Turbula
Online since August 2002
Fiction

The Holy Land
A novelette

Chapter 1

Chapter 2
Chapter 3
Chapter 4
Chapter 5
Chapter 6
Chapter 7
Chapter 8
Chapter 9
One of the aliens bit off Julianne's little toe. Bit it off and ate it. The waitresses aren't supposed to come into the kitchen, but Julianne slipped back through the big swinging door to try to convince Bennie Palmer, our head pastry cook, to do a no-sugar whipped topping for some fat lady's coconut cream pie. Small favors to the customers make for bigger tips, and Julianne – with two kids and a drug-addled husband – needed every penny should could get her hands on.

She'd worked the game before. A cook's small favors to the waitresses could, conceivable, get a guy laid. In Bennie's dreams, in the case of Julianne, but a man always holds out hope, no matter how slim the chances.

Julianne spied him on the other side of the salad room, in the baker's corner beside the butcher's shop. She tip-toed into the ongoing chaos of the kitchen, dodged a prep cook scurrying by with a tub of chopped onions, and stepped around to the baker's table, waving away a cloud a flour dust rising from a forty-pound glob of yeast dough that Bennie had just dumped on the powdered metal surface. She sidled up next to the cook – with a full complement of toes at this point – and bumped her breast against his arm and smiled as he turned to her. Those dimples, those flashing teeth, the warm twinkle in her chocolate-brown eyes – Bennie Palmer would have crawled across the greasy floor for her. Getting a no-sugar whipped topping was going to be a piece of cake.

Or it would have been, if not for Toby Koenig, the butcher. He was, at the time of the breast bump and smile, slicing up a slab of London broil for the evening meal's Beef Wellington on a table next to Bennie's. Toby had a thing for Julianne, and his jealousy welled at the sight of her bestowing her attention on the unworthy pastry cook, so he flipped a chunk of raw meat at the couple off his knife blade, hoping to hit his competition in the forehead. He missed; the meat splatted instead on the side of Julianne's boob. It stuck. She looked down, frowned, brushed it off and called the meat-flinging butcher an asshole. The beef chunk landed on the floor beside her foot, which was clad in Jesus-era Holy Land sandals – and Mary (her Holy Land name), one of our extra-terrestrial kitchen helpers, dove away from the mop she wielded and struck like a snake, face first at the red morsel, snapping it up, along with Julianne's little toe.

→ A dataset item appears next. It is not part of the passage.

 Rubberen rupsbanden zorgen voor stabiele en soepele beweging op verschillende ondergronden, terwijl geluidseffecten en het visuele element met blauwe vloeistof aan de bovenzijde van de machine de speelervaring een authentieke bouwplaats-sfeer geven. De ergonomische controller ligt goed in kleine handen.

Kitchen The waitress screamed in pain; the mop handle, which had stood briefly at attention when the alien abandoned it, clattered to the floor, as the bit of meat, mixed with Julianne's toe, rode down into the alien gullet.

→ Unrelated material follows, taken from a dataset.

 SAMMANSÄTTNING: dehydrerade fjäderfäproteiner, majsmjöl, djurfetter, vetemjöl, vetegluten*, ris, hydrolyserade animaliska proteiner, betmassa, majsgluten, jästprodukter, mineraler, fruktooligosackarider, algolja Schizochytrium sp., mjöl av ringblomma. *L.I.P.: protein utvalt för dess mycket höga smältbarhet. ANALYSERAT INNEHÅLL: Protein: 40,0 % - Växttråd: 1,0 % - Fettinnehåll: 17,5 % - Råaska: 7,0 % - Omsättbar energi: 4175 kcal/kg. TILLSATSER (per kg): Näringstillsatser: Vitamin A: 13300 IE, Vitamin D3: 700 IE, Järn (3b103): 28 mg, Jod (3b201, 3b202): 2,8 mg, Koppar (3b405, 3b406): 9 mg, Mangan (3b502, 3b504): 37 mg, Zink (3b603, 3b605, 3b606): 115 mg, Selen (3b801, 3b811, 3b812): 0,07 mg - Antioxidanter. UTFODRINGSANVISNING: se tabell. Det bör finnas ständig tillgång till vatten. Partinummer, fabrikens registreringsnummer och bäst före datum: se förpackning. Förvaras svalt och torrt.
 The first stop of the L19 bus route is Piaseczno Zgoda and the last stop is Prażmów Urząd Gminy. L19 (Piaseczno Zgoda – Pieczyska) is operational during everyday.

"They sounded like scissors," a blanch-faced prep cook, Megan, sniffled later, referring to the noise of the otherworldly chewing action. "You know, like metal scraping metal."

Dots

The Tyn have claimed from the get-go in this interspecies guest worker program that their dronette class are strictly vegetarian; but I'd seen – even before the Julianne incident – evidence to the contrary. An untended prime rib – a fifteen-pound slab of untended medium rare beef – disappeared a week previously, leaving behind a splotch of blood on the wooden work table where it had lain. Two minutes after the discovery of this disappearance, Haraldo, the line cook in charge, went into a hissy, swinging a wire whip over his head and accusing his fellow cooks of thievery. But he stopped cold, like a frozen pork chop, when three of our Tyn helpers emerged from the walk-in refer with their normally meek expressions replaced by unmistakable looks of carnivorous satiation, like a pack of little bi-ped jackals waddling, big-bellied, away from a stripped carcass. One of the three sported, I'm told, a small dab of blood on the corner of her mouth, sparkling like a ruby in the fluorescent lighting.

I didn't witness this. I didn't see the toe incident, either. I was, at toe time, leaned at my computer screen, composing a letter of reprimand aimed at a perpetually tardy bus girl. Julianne's pained screams, Toby the butcher's bellowed curses, Mary's extra-terrestrial squeal the split second before Toby beheaded her – this is what jerked me from my chair.

I leaped across my office, slammed the door aside and burst into the tiled hallway, skidding as I tried to make the ninety-degree turn toward the kitchen. I hit the wall, bounced and stopped dead at the sight of Mary's disembodied head rolling, chin over forehead, chin over forehead, my way.

Its journey ended when the roll stopped atop the flat plane of the clean quick cut of the butcher's knife, maroon blood draining out onto the white tiles, as Mary's eyelids and lips twitched with fading neural impulses, the face freezing – after five of the longest seconds of my life – into a horrid grimace, her sharp silver teeth bared at me in the nastiest mad dog snarl I'd ever seen.